Work required: Pick every line from the data that holds the word "first".

Top of Supplied data

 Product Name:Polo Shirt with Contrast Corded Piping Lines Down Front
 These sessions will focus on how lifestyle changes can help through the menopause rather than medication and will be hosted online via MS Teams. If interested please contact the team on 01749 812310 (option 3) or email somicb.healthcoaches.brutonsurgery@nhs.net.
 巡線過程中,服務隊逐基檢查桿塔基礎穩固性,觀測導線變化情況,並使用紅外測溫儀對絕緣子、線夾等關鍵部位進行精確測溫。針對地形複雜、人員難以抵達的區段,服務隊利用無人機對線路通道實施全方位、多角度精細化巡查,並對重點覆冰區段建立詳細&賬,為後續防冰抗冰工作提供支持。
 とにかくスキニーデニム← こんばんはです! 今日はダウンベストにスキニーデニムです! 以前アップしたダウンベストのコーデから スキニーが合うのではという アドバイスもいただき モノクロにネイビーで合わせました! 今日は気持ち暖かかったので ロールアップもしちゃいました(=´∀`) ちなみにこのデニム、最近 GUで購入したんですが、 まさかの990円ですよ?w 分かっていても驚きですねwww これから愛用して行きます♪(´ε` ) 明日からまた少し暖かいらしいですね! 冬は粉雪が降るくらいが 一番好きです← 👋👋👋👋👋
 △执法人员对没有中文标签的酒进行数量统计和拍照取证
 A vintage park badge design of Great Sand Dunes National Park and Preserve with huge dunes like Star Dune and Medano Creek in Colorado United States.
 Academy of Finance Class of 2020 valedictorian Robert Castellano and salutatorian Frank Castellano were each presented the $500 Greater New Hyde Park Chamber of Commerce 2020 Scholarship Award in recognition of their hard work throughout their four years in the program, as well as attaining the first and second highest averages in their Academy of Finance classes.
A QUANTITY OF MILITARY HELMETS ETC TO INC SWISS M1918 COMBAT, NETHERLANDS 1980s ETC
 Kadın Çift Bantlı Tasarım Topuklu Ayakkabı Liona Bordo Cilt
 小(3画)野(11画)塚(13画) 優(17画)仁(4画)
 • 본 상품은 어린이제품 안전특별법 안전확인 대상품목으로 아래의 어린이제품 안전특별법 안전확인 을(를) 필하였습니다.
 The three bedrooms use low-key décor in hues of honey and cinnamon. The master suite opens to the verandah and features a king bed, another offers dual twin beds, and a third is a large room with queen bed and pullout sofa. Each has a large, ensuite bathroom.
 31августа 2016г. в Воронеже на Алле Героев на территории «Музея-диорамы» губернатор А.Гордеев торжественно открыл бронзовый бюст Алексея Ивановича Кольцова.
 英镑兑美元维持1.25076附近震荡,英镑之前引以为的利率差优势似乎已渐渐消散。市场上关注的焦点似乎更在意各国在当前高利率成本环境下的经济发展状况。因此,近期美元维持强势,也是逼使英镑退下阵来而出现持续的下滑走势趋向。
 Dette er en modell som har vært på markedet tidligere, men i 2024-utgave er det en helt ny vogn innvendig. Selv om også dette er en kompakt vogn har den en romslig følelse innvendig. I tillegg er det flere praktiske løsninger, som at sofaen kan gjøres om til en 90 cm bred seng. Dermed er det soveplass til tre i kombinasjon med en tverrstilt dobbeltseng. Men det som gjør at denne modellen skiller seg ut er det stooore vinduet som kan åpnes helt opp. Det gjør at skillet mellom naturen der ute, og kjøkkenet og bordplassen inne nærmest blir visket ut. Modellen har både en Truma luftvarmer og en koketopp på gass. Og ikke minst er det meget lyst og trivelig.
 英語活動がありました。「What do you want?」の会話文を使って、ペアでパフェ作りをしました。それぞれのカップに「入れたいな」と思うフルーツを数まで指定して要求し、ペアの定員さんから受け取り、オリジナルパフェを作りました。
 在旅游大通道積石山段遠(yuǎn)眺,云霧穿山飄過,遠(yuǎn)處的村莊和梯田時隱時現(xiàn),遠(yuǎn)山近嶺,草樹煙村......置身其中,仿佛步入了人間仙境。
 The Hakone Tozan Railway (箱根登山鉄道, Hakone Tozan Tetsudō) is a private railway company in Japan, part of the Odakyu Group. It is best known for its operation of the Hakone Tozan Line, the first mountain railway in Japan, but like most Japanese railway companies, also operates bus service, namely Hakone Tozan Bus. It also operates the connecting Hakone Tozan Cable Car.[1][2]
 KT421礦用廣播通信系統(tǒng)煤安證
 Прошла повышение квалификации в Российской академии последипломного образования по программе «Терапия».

Bottom of Supplied data

Your response:
 Academy of Finance Class of 2020 valedictorian Robert Castellano and salutatorian Frank Castellano were each presented the $500 Greater New Hyde Park Chamber of Commerce 2020 Scholarship Award in recognition of their hard work throughout their four years in the program, as well as attaining the first and second highest averages in their Academy of Finance classes.
 The Hakone Tozan Railway (箱根登山鉄道, Hakone Tozan Tetsudō) is a private railway company in Japan, part of the Odakyu Group. It is best known for its operation of the Hakone Tozan Line, the first mountain railway in Japan, but like most Japanese railway companies, also operates bus service, namely Hakone Tozan Bus. It also operates the connecting Hakone Tozan Cable Car.[1][2]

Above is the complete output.